Q&A with the Ford engineer who moonlights with her own organic soap business.
Ford Powertrain Program Planning engineer Camilla Rice, in her alter ego as an organic soap purveyor. Image source: Green Olive Soaps

Design News: How did you get  interested in engineering and cars? Were you interested in other kinds of engineering and how did you pick automotive engineering?

Camilla Rice: That goes back to my childhood. I was a very curious child. My mother said that it was difficult to raise me because there was nothing that could stop me from doing something that I was interested in.  So I did a lot of, like, science experiments that some worked out some didn’t and blew up.

I really struggled with wanting to be either an engineer or a doctor. And because I grew up in a very poor background, being a doctor would have cost too much money. So I chose to go on

engineering, and I haven't really regretted that.

I majored in systems engineering at what is now called Kettering University. It was GM Institute when I was there. Being a manufacturing systems engineer, you get to be like a jack of all trades.

I never really wanted a job where I was staying at one particular job. I've always been curious and wanting to jump around. So that's how my career has pretty much gone from TRW to GM and to now at Ford.

DN: What were some of the projects you worked on at TRW when you were a young engineer?

CR: I was a co-op student, and one of the best jobs I had was working on quality gauging. That was what really let me know I wanted to be in manufacturing systems, because in that process they gave me full autonomy for hours, telling management, what the cases were going to be, how much they're gonna cost for the entire plant. 

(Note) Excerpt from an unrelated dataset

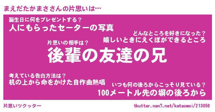 | ヘコむあだ名 | 『まえもー』『なまこ酢』『まえっ子』 |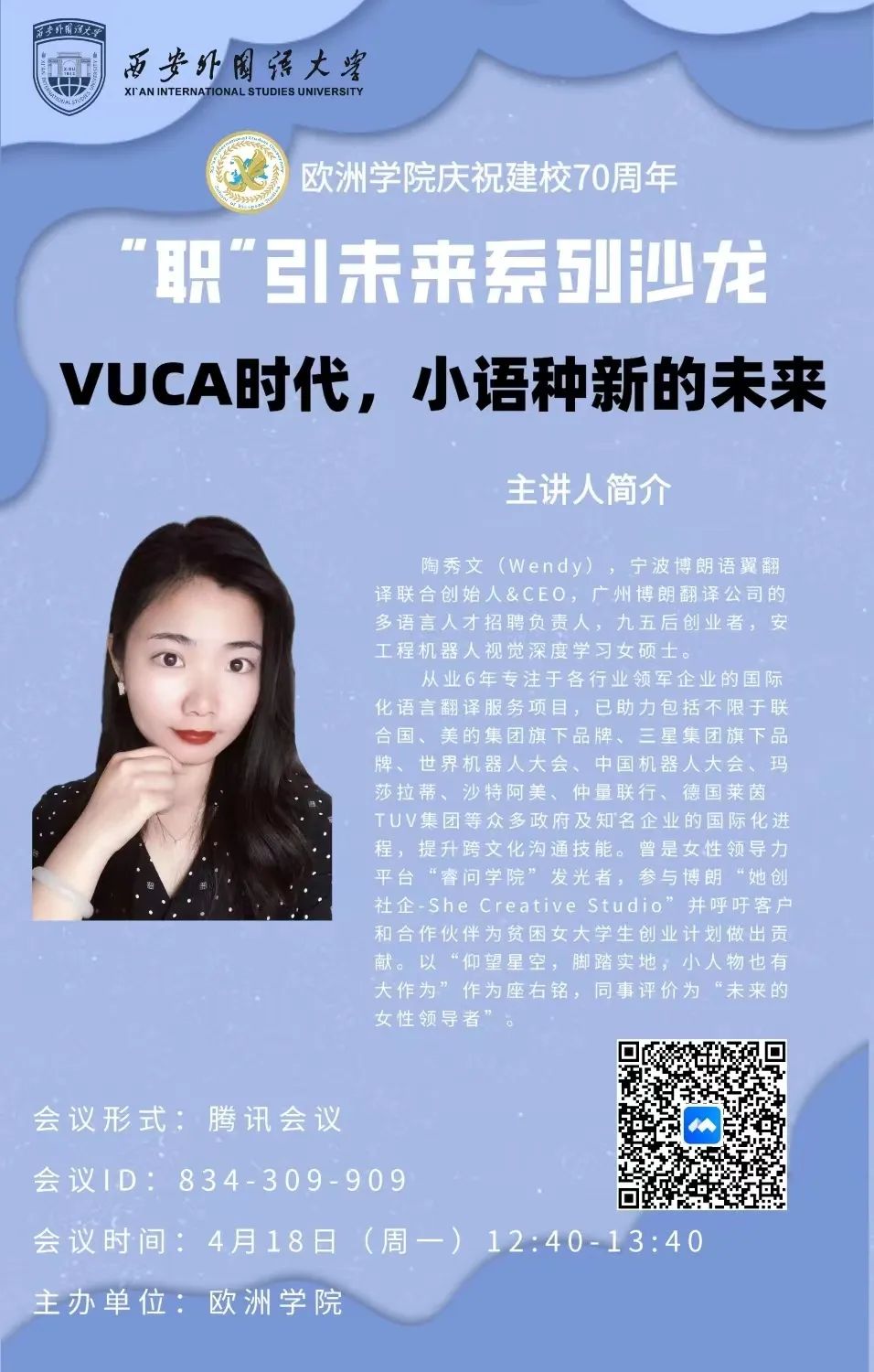 为庆祝建校70周年,奈飞工厂 分团委·学生会实践部承办“职”引未来系列沙龙,我们邀请到了陶秀文老师给大家带来“VUCA时代,小语种新的未来”讲座,诚邀同学们参与。参与形式为腾讯会议,详细参会信息见海报↓

That paved the way for me to kind of grow into the person that I am today, not only from the engineering side but also on the business side.

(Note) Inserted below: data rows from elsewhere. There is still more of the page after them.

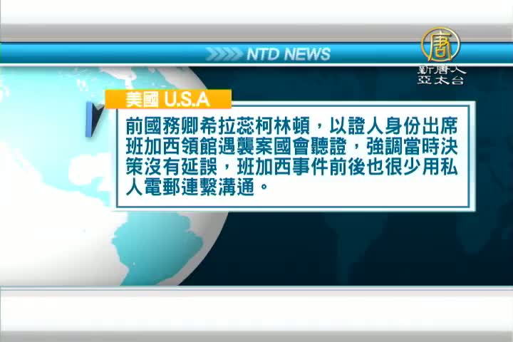 前國務卿希拉蕊柯林頓,以證人身份出席班加西領館遇襲案國會聽證,強調當時決策沒有延誤,班加西事件前後也很少用私人電郵連繫溝通。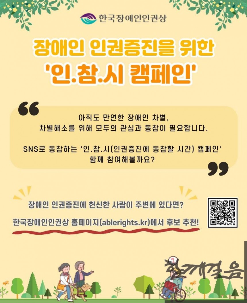 한국장애인단체총연맹에서는 현재 진행 중인 한국장애인인권상 후보 접수와 함께 장애인 인권 실천 메시지를 온라인에 공유하는 대국민 캠페인 ‘인권증진에 동참할 시간(아래 인.참.시)’를 진행하고 있다.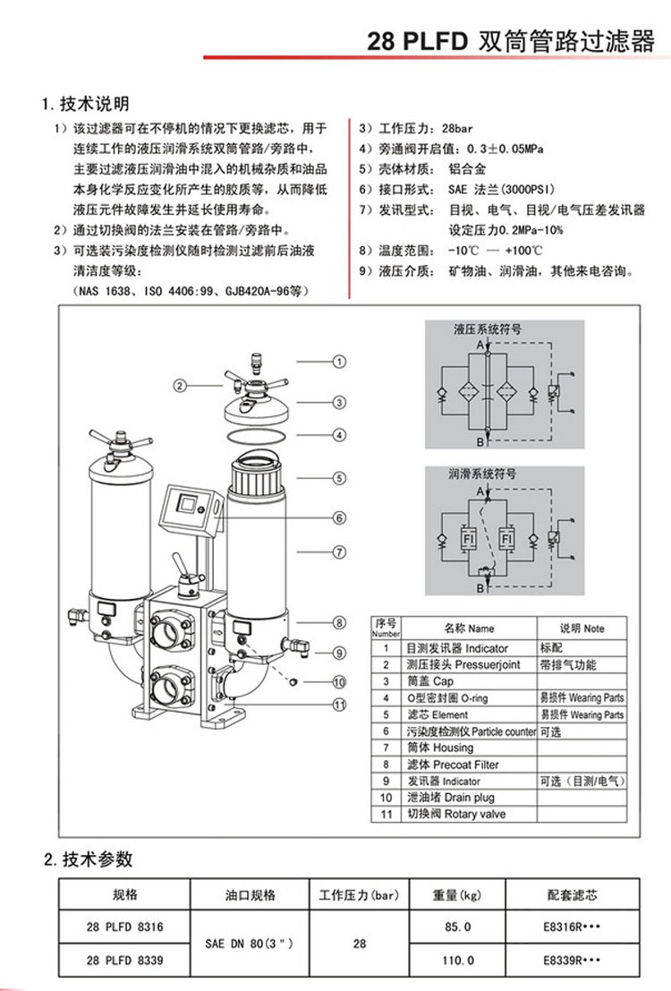 28PLFD8316,28PLFD8339,雙筒管路過濾器

To do those gauges, I have full control of my schedule so I didn't come in the same time as most co-ops. I came in probably around nine and I leave at five o’clock, I was able to work at home on some occasion and I will get paid for because I was a co-op student. I really enjoyed that particular project, that that that was one of my favorites.

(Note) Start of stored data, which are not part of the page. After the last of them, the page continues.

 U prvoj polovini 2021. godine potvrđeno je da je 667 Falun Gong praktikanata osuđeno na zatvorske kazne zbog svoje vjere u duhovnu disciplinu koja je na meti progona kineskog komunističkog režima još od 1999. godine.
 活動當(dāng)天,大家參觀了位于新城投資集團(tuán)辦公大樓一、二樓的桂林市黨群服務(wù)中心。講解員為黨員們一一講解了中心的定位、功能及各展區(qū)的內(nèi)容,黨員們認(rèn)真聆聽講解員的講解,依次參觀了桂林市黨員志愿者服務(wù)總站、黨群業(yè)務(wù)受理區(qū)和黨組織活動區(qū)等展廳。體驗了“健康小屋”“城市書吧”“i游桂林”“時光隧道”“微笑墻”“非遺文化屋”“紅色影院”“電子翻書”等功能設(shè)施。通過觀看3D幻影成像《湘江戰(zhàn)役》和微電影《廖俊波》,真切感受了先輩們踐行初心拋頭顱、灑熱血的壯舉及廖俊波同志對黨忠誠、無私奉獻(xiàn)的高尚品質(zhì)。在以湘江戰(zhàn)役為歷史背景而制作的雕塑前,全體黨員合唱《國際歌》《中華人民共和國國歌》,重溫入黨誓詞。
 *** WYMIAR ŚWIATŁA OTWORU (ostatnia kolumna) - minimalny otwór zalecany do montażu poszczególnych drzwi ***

DN: What was involved in doing the gauging work for the for the plant?

CR: They really, at that point in time, had no idea why gauging was even required. So, the small tools and gauges that they would use to calibrate, to check their equipment, they were hand gauges. They wanted them to be more organized so I came up with this idea of creating “days trays” and with the budget that they had given me I went out and sorted out suppliers and how much it cost. I came under budget!

As a student, Rice organized manufacturing for TRW. Image source: ZF

It was just for me a project where it was the first time I felt like, “Wow, you know what? I can do this!” and two, I wasn’t really pegged into an engineering job. I still have to do management, which fit into my manufacturing systems role. 

Three, it taught me that I really like having more empowerment to make decisions in the workplace. I think I was probably 19 or 20 at the time. So at a very young age, they really helped mold me to the person that I am today. It really was one of the best jobs or assignments I can think of throughout my career and probably be because it was such a critical point.